Brad Schwall, Ph.D., a certified school counselor and creator of the Cool Kids curriculum, defines bribery as the desperate attempt to get a child to do something by promising a treat if the child does what you want. “Desperate” is the key word. Bribery is never preconceived; rather, bribery happens sporadically in moments of desperation. Parents often make empty threats, along with promises that never come to fruition. When bribery occurs, the focus is on that moment, not long-term goals. While standing in line at the grocery store checkout, a few M&M’s seems like a small price to pay to quiet a wailing child. But will the repercussions last beyond the sugar buzz?
Schwall thinks so. Ultimately, bribery rewards negative behavior by teaching children to focus on material rewards instead of the intrinsic benefits associated with making good choices. It becomes all about the pay-off. “We want our children to learn self-discipline and to make positive choices even without the promise of a material reward,” he says.

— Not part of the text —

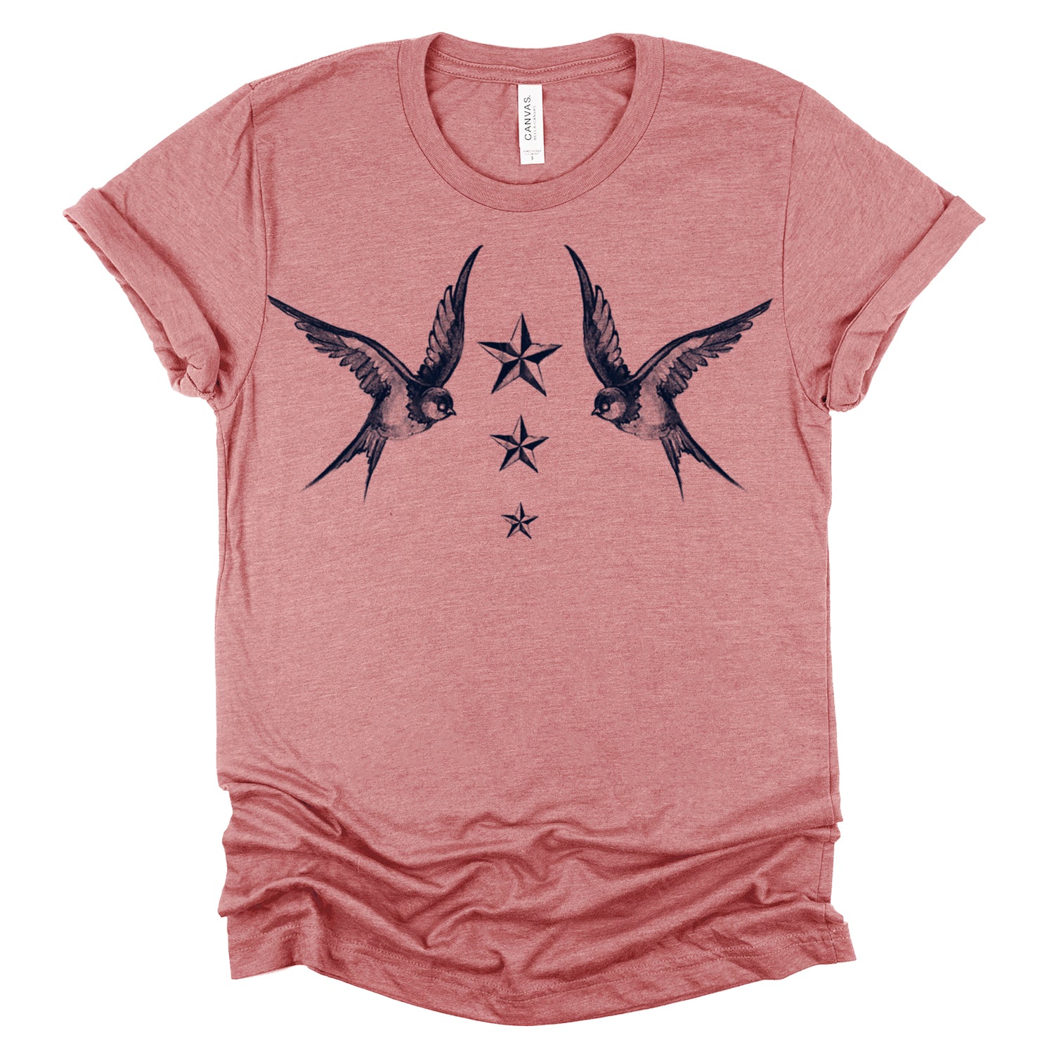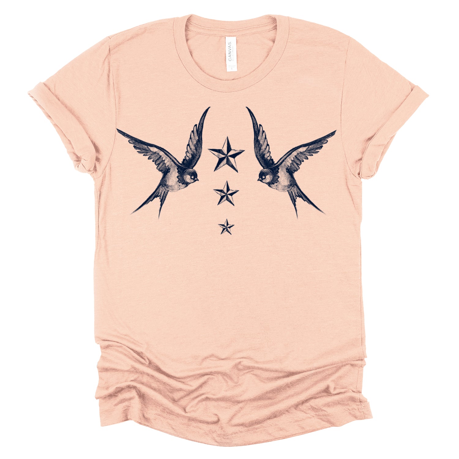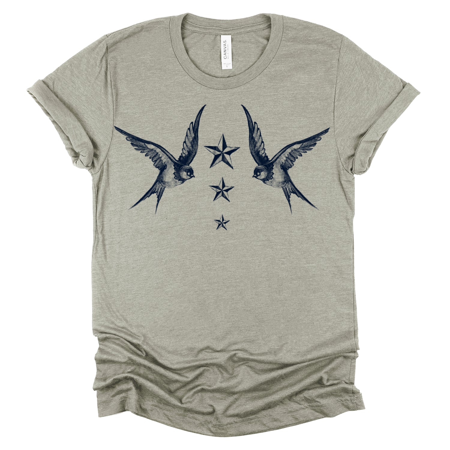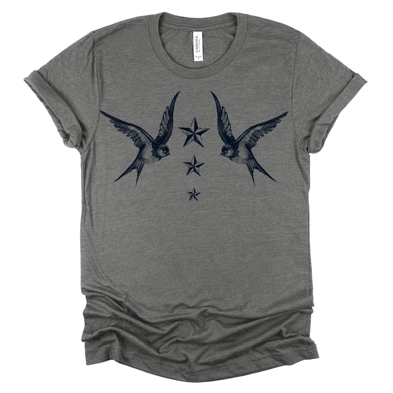 Fly into the world of maritime tradition with our "Navy Swallow Birds: A Tribute to Vintage Naval Tattoos" print. This classic design pays homage to vintage naval tattoos, featuring graceful swallow birds in flight against a navy blue backdrop. Handcrafted on premium Unisex Heather Tees (52% Cotton/48% Poly) with water-based inks, this shirt embodies FabCreates' dedication to quality and timeless style.

Reinforced repeatedly, bribery conditions children to expect a reward for completing basic tasks such as brushing their teeth or taking a bath. When this happens, the child’s focus shifts from a desire to make positive choices for the benefit of himself and his relationships to doing whatever it takes to obtain the toy, treat or extra 10 minutes of TV time.
Although a bribe may successfully halt negative behavior in the moment, it does nothing to make the child feel good about himself. The expectations bribery cultivates also tend to grow with time. The piece of candy that once motivated little Johnny to sleep in his own bed translates into dollar bills for completing his homework once he reaches his teens – the ante is continually upped. Extensive use of bribery can also breed an attitude of entitlement, which may be carried well past the terrible twos into adulthood – not an attractive quality for a job-seeking adult.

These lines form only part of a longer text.